What the Keystone XL pipeline means for Obama's legacy
President Obama is now playing for the history books, and climate change will be a key chapter. The Senate votes Tuesday on the Keystone XL pipeline, setting the stage for Obama's next move.
Washington — The Senate is scheduled to vote on the controversial Keystone XL pipeline project Tuesday. If it passes – and that’s still in doubt – the bill will go to President Obama’s desk. He has signaled he is likely to veto it.
That pushes the whole issue into next year and the new Congress, where Republicans will control both chambers. The political reality of Mr. Obama’s final two years in office will be in place. And the most important numbers will be 67 and 290 – the number of votes needed in the Senate and House, respectively, to overturn a presidential veto.
But let’s take a step back and look at just how important – or not – Keystone is to Obama’s legacy. Big picture, the economy and health care reform are his most important legacy issues. Immigration probably comes next, especially if he takes executive action to defer deportations, as promised. Then there’s climate change.
The pipeline project, partially completed and awaiting US approval of the final leg for six years, would carry tar-sands oil from Canada to the Texas Gulf Coast. Even to environmentalists, a key part of the Democratic base, the project has taken on symbolic importance – perhaps going beyond its actual impact on greenhouse gas emissions.
“The Keystone XL pipeline has become a symbol of how misguided the energy debate is in Congress, and how desperate oil companies are to go after resources that are dirtier, more dangerous, and more expensive to extract,” says Michelle Robinson, director of the Clean Vehicles Program at the Union of Concerned Scientists, in a statement Monday.
Environmentalists will see Obama’s final decision on Keystone as a signal of how serious he is about climate change. His agreement with China last week on reducing carbon emissions, seen as a historic first step for the world’s top two polluters, would lose some of its shine if he turned around and approved Keystone.
The Democratic donor base is also looking at how the party goes on Keystone, first among them billionaire anti-Keystone activist Tom Steyer. Obama may be a lame duck, but he’s still the leader of the Democratic Party.
Weighing in favor of approving the pipeline is the labor movement, which has its own divisions over Keystone, but is another important element of the Democratic base.

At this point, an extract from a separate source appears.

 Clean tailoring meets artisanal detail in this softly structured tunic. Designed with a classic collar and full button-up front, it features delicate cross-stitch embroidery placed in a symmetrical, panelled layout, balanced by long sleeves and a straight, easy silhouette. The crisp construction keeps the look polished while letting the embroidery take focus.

AFL-CIO President Richard Trumka has called on Congress to approve the pipeline, citing jobs and the economy.
Weighing against is top adviser John Podesta, the architect of the US-China climate agreement. When Mr. Podesta joined the White House at the beginning of the year, he said he would steer clear of the Keystone issue. But it’s hard to imagine his presence and his views haven’t had an impact. Podesta’s one-year appointment ends soon, at which point he is expected to play a top role in Hillary Rodham Clinton’s presidential bid. The DNA of Obama’s climate and energy policy will head straight into the campaign of the Democrats’ top prospect for 2016.
For now, Obama can avoid a public decision by saying he’s waiting for the State Department to issue its final recommendation and for the Nebraska Supreme Court to rule on a case involving the pipeline’s route. That ruling is expected in January.

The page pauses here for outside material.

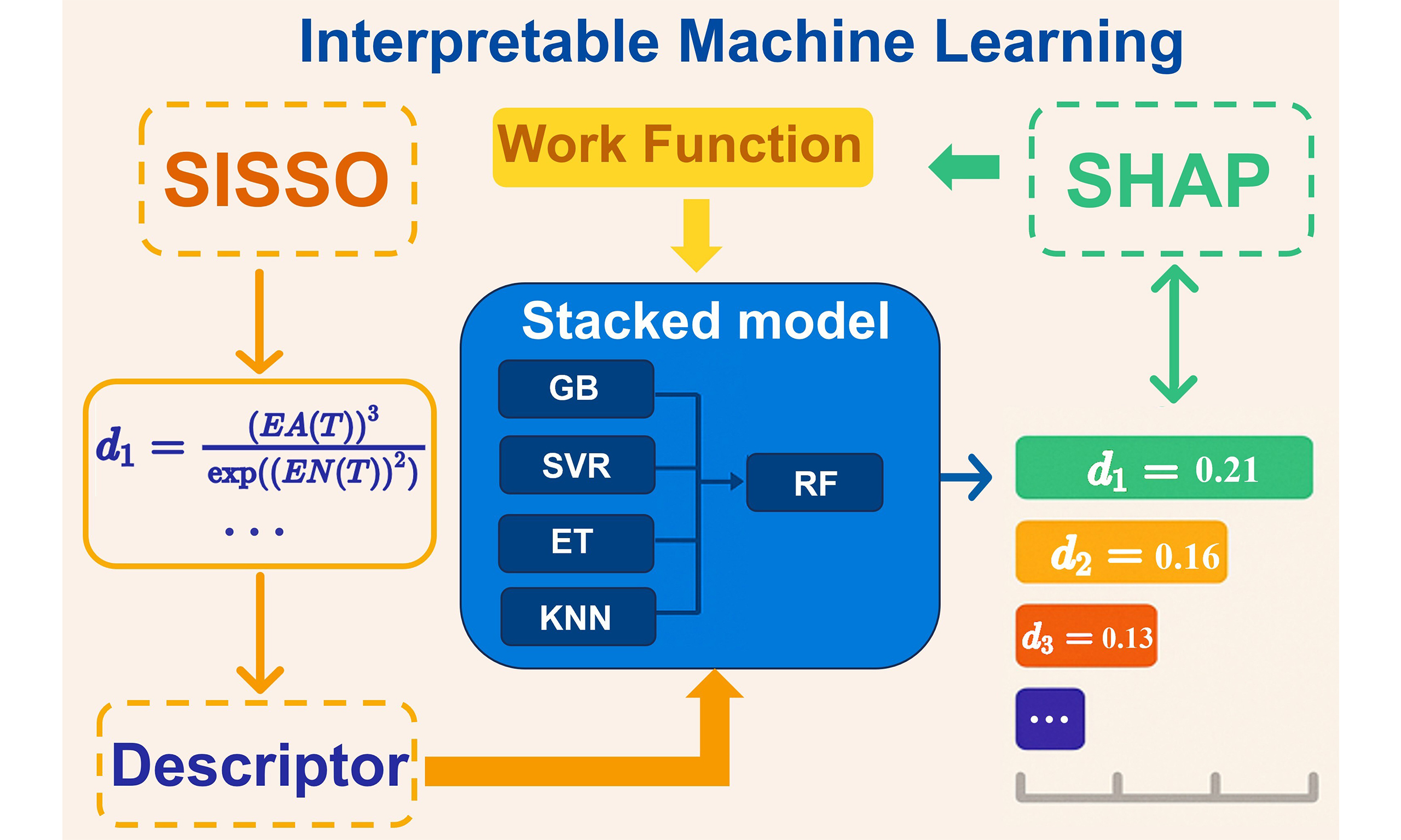 As illustrated in Figure 1, the workflow begins with rigorous data selection and cleaning for model training and validation. Herein, the raw data of the work function of MXenes were curated from the recently created C2DB. Then, the SISSO algorithm was utilized to construct the descriptors with enriched physics insights between features and target properties, which will effectively improve the accuracy and interpretability of ML. Meanwhile, a stacked model that combines predictions from various base models into a refined meta-model was constructed, which was confirmed to possess not only enhanced generalization but also effectively reduced errors, overfitting, and biases. Additionally, SHAP was leveraged to determine feature importance, providing nuanced insights into the role of atomic-layer compositions and feature interdependencies in governing work function behavior. Ultimately, ML, combined with material science knowledge, provides a deeper understanding of the factors influencing the work function of MXenes.

Obama has a third argument available that would allow him to avoid opining on the pipeline’s merits: When and if Congress passes pro-Keystone legislation, Obama can wield his veto pen and say that he rejects legislative involvement in the decision. The president is clearly a big believer in executive-branch power.
Still, sooner or later, Obama will probably have to go public with a final verdict on Keystone. His only out would be for Congress to override a veto, green-lighting the completion of the pipeline without the president’s blessing.
But if Obama wants a clear legacy on energy and climate-change policy, he may feel compelled to say something.